‘Cursed’ warship under Baltic Sea remains incredibly well-preserved

Incredible relics of history lie at the bottom of the Baltic Sea, among which a famed Swedish galleon was found. The giant, 97-foot-long warship, named Mars after the god of war, dates back to the 16th century, and it is remarkably well preserved.

The slow currents and low amount of sediment in the Baltic, as well as the saline waters and absence of shipworms (called mollusks) means there is very little to cause the wooden vessel to decay.

Painting shows the battle that led to the destruction of the famed warship. Public domain

Many explorers have sought to find Mars over the years but have failed. It is commonly believed that there is a curse on the sunken ship. According to legend, a specter rose from the wreck and used its powers to prevent anyone from finding it.

Maritime researcher Richard Lundgren, part owner of a professional team of divers called Ocean Discovery, has been searching for the notorious vessel for 20 years. And since its discovery in 2011, scientists have been busy studying the find.

The site is littered with cannons and silver coins, which were minted the year prior to the battle when it was destroyed took place, thus confirming the ship’s identity.

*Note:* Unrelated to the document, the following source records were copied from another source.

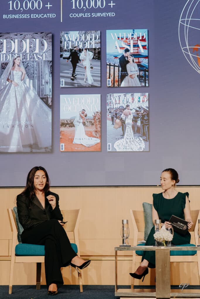 Conference day at the Taj Exotica Dubai brought together some of the world’s most influential wedding planners, keynote speakers, and industry stakeholders. Wedded Wonderland’s Founder, Wendy El-Khoury, graced the event as a guest speaker, delivering an enlightening talk and sharing her wealth of industry expertise in a fireside chat about ‘Socials, Socials, Socials!’ alongside the Founder of My Greatest Wedding, Hella Huizinga.
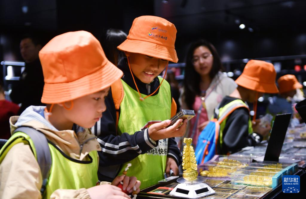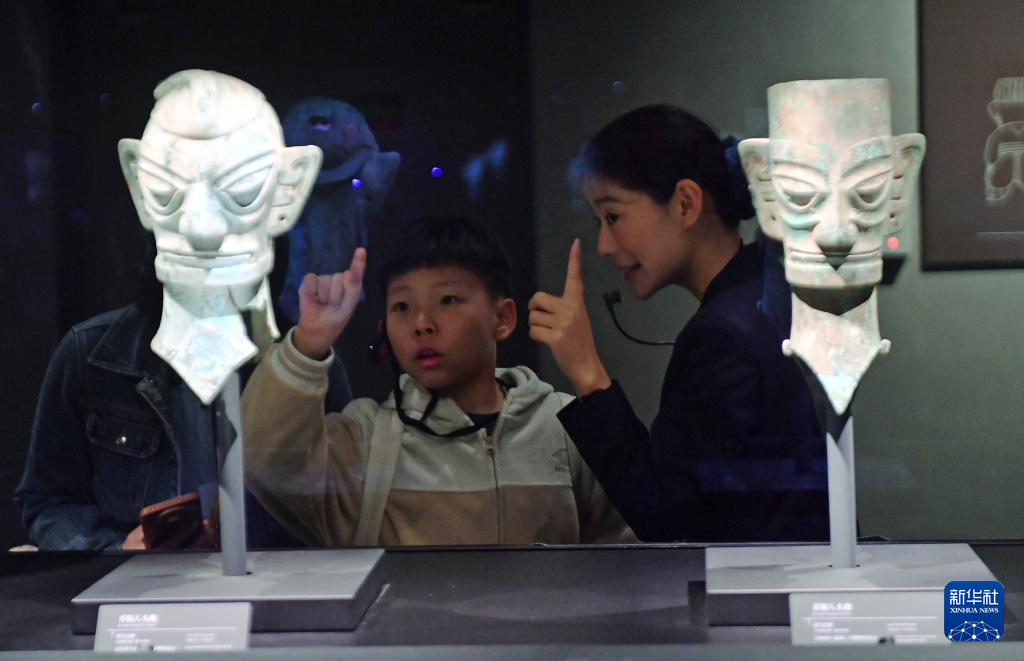 4月3日,小朋友在三星堆博物馆观看展品。新华社记者 卢哲 摄
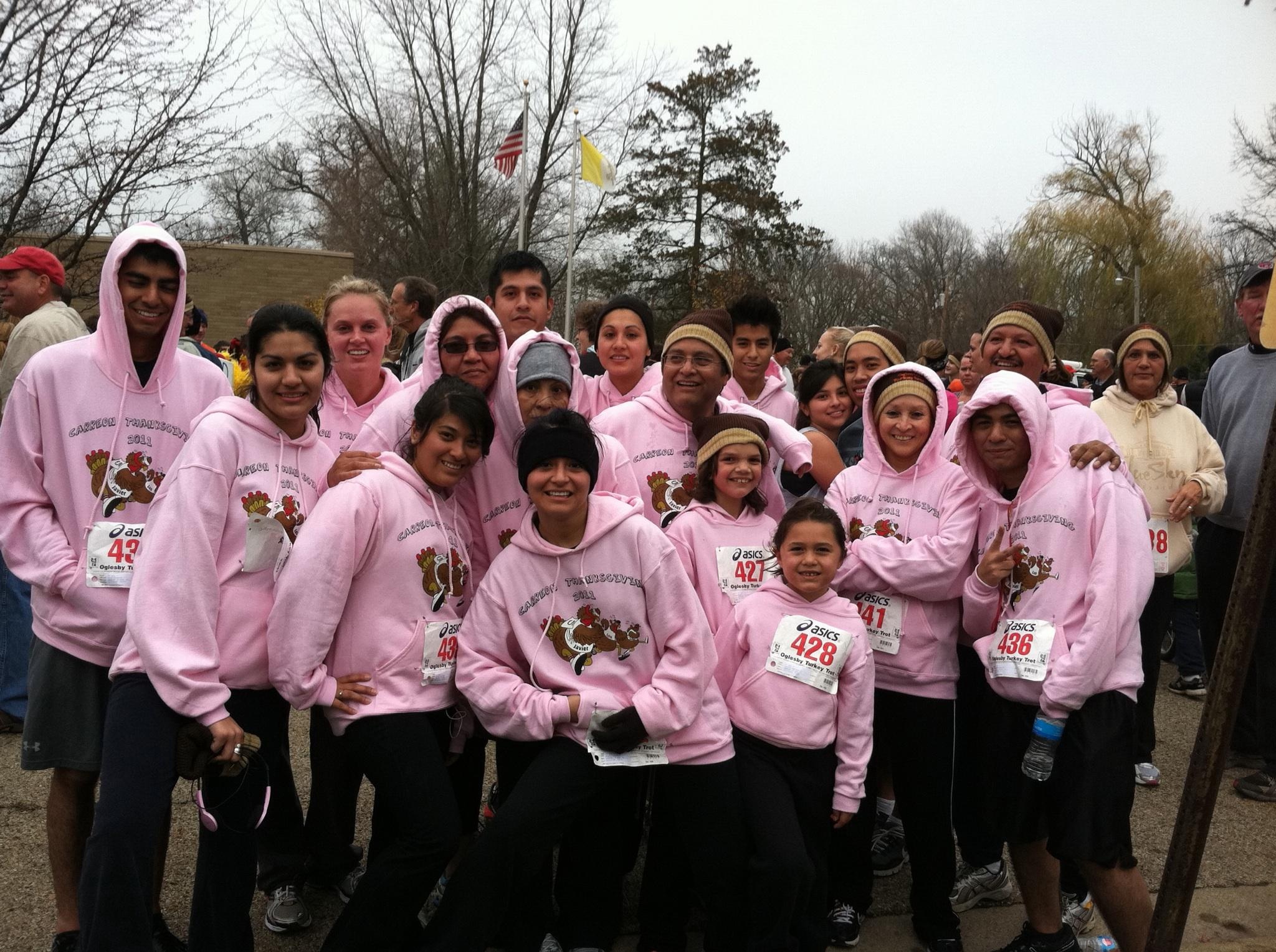 "For the last 11 years every Thanksgiving morning me and my family wake up and participate in a 3 mile Turkey Trot in Oglesby, Illinois. It originally started with only 4 participants and now includes 18-20 family members including nieces, nephews and siblings. The last 2 years we have had customized shirts/ sweatshirts by custom Ink and have been able to show off our family spirit! It has definitely made quite an impression on other runners.

Mars was part of the Swedish navy and is said to have been the largest, most formidable warship of its time—part of Europe’s first generation of 3-masted vessels.

Outfitted with over 800 crew and 107 cannons, Mars was a naval powerhouse. King Eric XIV ordered Mars to be built for the purpose of increasing the power of his navy. Although Eric was highly intelligent, it is believed that he suffered from madness. He was hostile toward enemies both beyond his borders and within his own kingdom.

King Eric XIV of Sweden (ruled 1560 to 1568). Public domain

Eric ordered one of his admirals to sail Mars along with a fleet to attack ships near Denmark and Lubeck (what is now part of Germany). In the beginning, Mars seemed unstoppable, though on the second day, she was attacked by fireballs, which, it is believed, ignited gunpowder stores. Mars sank in May 1564 off the coast of the Swedish island of Öland.

Currently, research on the relic continues, with professor of maritime archeology Johan Ronnby making use of 3D computer imaging to recreate the skeletal remains of the warship, rather than disturb its pristine grandeur, in order to share its wonders with the world.